Considering structuring your business as a corporation? Not sure if a C Corporation or S corporation is best for you? Keep reading to learn more.
What is a Corporation?
Corporations are the most dynamic business entities available offering tremendous flexibility and advantages. It’s also the most secure because it’s considered a 'person' with rights under the law. This means that a stockholder (owner or partial owner) is a holder of shares of stock in the corporation and is not in legal danger for the acts of the corporation.
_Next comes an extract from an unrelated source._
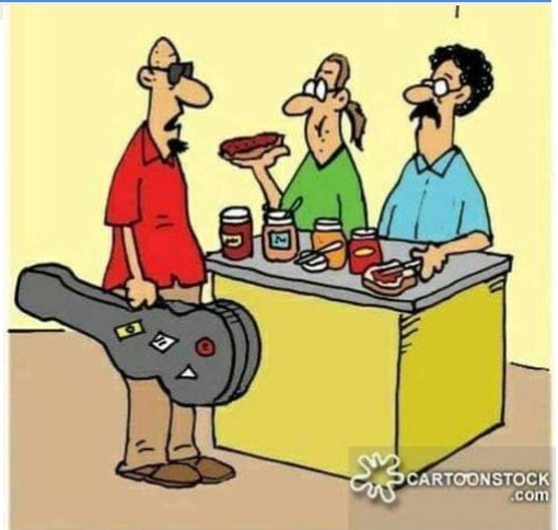
"WHEN YOU GUYS INVITED ME OVER FOR A JAM SESSION, I JUST ASSUMED..."
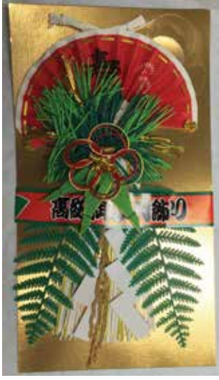
Mochi Kazari $16.20

There are several types of structures within this entity, but the two recommended by CPAs and attorneys are S and C corporations. In explaining the differences, keep in mind that every state has different laws.
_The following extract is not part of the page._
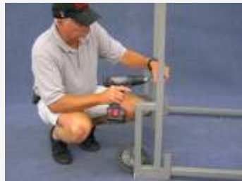
Using drill and socket cap screw provided, screw in the 4 self tapping screws.

On average, C corporations pay less in tax than an individual. It’s also the only tax table where the tax rate drops when you start making millions. That's why every Fortune 500 company is a C corporation.
Additionally, there are no limitations on shareholders. They can live anywhere in the world and be of any entity. Even better, C corps boast fewer criteria than S corps giving you the options you need to meet your objectives.
The main disadvantage of this structure is that it pays tax on its earnings and the shareholders’ dividends. This means a double tax on your corporation’s earnings.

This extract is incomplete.